Records for this task START

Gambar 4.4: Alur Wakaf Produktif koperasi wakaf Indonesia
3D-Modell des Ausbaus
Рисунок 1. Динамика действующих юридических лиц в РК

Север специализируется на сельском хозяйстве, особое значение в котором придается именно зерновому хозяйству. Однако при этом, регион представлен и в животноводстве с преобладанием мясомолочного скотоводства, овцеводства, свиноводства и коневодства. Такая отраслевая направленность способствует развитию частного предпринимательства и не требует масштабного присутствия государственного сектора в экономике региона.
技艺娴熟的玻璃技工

Records for this task END
Records for this task START

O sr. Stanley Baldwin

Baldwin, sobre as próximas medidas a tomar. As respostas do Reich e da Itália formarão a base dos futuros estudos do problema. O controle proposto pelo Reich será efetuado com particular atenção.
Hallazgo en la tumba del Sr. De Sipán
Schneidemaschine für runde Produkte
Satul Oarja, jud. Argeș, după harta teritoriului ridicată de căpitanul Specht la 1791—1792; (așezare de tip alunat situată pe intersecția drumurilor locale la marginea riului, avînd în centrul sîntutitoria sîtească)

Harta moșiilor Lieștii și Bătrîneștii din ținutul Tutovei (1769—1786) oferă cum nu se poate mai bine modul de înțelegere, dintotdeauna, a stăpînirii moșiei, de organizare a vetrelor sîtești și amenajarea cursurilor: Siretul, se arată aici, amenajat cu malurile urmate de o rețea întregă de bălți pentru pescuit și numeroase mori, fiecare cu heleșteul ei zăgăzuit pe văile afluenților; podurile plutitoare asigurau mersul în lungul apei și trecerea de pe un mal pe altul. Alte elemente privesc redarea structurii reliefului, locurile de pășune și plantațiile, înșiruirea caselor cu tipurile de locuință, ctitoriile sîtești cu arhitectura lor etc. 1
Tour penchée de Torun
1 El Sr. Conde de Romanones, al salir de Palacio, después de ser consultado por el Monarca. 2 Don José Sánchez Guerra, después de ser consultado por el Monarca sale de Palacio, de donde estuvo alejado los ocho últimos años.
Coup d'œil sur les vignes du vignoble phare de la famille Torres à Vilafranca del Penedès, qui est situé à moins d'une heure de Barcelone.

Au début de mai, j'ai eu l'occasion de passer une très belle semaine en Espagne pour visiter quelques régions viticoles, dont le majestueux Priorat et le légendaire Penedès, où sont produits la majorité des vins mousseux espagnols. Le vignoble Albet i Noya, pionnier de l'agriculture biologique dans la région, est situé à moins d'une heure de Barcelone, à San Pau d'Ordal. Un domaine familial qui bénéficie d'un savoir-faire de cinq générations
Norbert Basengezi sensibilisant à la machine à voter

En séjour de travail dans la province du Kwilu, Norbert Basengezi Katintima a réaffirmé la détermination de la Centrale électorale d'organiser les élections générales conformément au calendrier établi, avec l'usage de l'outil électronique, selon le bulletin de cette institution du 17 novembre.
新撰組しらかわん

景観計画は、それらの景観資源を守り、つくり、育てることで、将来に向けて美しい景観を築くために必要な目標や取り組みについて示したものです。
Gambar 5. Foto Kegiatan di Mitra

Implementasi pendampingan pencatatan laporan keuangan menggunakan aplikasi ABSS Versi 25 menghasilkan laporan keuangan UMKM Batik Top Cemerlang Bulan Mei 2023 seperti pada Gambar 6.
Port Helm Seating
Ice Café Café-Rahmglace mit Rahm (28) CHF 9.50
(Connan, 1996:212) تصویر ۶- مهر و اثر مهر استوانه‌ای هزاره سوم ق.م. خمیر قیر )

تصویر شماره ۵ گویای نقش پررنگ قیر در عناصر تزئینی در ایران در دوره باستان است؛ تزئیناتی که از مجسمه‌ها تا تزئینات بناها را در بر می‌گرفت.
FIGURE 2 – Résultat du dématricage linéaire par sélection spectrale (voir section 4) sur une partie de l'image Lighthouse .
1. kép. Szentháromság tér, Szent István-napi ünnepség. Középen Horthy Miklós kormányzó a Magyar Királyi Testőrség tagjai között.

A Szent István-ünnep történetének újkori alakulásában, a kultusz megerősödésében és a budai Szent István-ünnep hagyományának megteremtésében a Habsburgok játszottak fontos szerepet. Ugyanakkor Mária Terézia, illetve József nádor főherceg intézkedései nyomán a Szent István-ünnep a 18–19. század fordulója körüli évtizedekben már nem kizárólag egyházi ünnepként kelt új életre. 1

Records for this task END

About this exercise: Show every line above in which the word "Szent" is found.

Your response:
1. kép. Szentháromság tér, Szent István-napi ünnepség. Középen Horthy Miklós kormányzó a Magyar Királyi Testőrség tagjai között.
A Szent István-ünnep történetének újkori alakulásában, a kultusz megerősödésében és a budai Szent István-ünnep hagyományának megteremtésében a Habsburgok játszottak fontos szerepet. Ugyanakkor Mária Terézia, illetve József nádor főherceg intézkedései nyomán a Szent István-ünnep a 18–19. század fordulója körüli évtizedekben már nem kizárólag egyházi ünnepként kelt új életre. 1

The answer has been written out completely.